I would like to use RL to solve permutation problem where my input is sparse zeros-ones 3D array.
This 3D array defines cloud of points in 3D space, the array is large 1000x500x50 and sparse number of ones is below 1 % off the array.

My problem is to prepare school timetable where:
x-axis is timeslot
y-axis is room
z-axis is subject

so RL alrorithm try to get current timetable, next to place value 1 in proper timeslot-room-subject index, this position defines time, room and subject in timetable.
In this problem thereare very large observation array and very large action space 1000x500x50 actions , each possible action is the position of single lesson in school timetable (some of inputs are masked).

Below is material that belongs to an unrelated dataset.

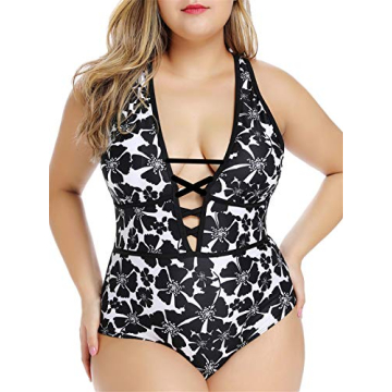 Our plus size floral one piece swimsuit stands out from the competition with its unique combination of style, comfort, and functionality. Unlike other swimsuits that may sacrifice design for comfort or vice versa, our swimsuit offers the best of both worlds. The plunge neckline and lace-up detail provide a fashionable look, while the slimming tummy control and removable padding ensure a comfortable and flattering fit.

To solve it I use typical rllib PPO model with action masking, of course process is very slow and consumes a lot of memory for the model. I wonder if I can use 3D convolutions or attention, but:

  • 3D convolutions need a lot of CPU
  • attention - I don’t know how to properly calculate similarity between 3D objects, I don’t know proper metric for this purpose ( of course I can flat 3D array and use cosine or dot similarity but I think it’s not correct direction)
  • use some feature extraction from 3D cloud to decrease size of input array but I don’t know proper method for that, typical feature extractors are for images.

I will be grateful for any suggestions or ideas.

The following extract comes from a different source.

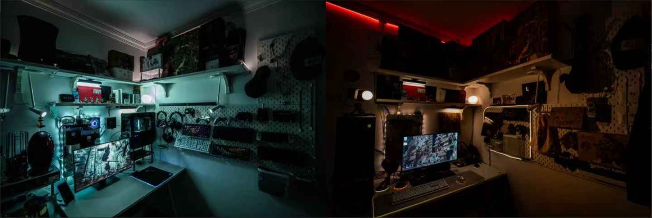 燈光是買完主機以後決定搭建的,主要是當時創業效益還可以,就想追加一下沉浸體驗。最主要研究的就是能實現顯示器的辨色燈光,讓全屋光線和遊戲畫面實現同步。在這裏花了一些冤枉錢,只能說現在市場上很多解決方案只是看起來很美(點名批評小米)。最後主燈光選的飛利浦HUE系列,其他外設用的雷蛇。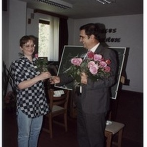 Photograph of Mihael Kuzmič giving a rose to a student after the end of a course. [Description English/roman)]

Just out of curiosity: How do you plan to model this as a sequential decision-making process? How sparse would the reward signal be?

RL does not sound like a good fit for this problem vs traditional optimization. But if I was going to tackle it with RL anyways, I would start on very small problem instances.

@arturn @robin Thank You for Yours answers. I see making the time tablecan be sequential proces in that way, evry step is placing single lecture in the timetable, so:

step 1 -place, 1st lesson from 1st lecture
step 2 -place, 2nd lesson from 1st lecture

step i -place, n th lesson from 1st lecture

step j -place, 1st lesson from m -th lecture

The last step is planning the last lesson from the last subject

Why using I try to use RL? I would like to optimize by modificate reward by events:

  • cumulate subject in period of time or expand into whole period
  • reward depens by day of week or prefered classroom for this subject

The most important part is that different subject are in different buildings in different parts of the city so I would like to optimize time of travel between places. Time of the travel is calculated with using bus timetable.
Of course there are diffent methods than RL but I would like to test RL in this task.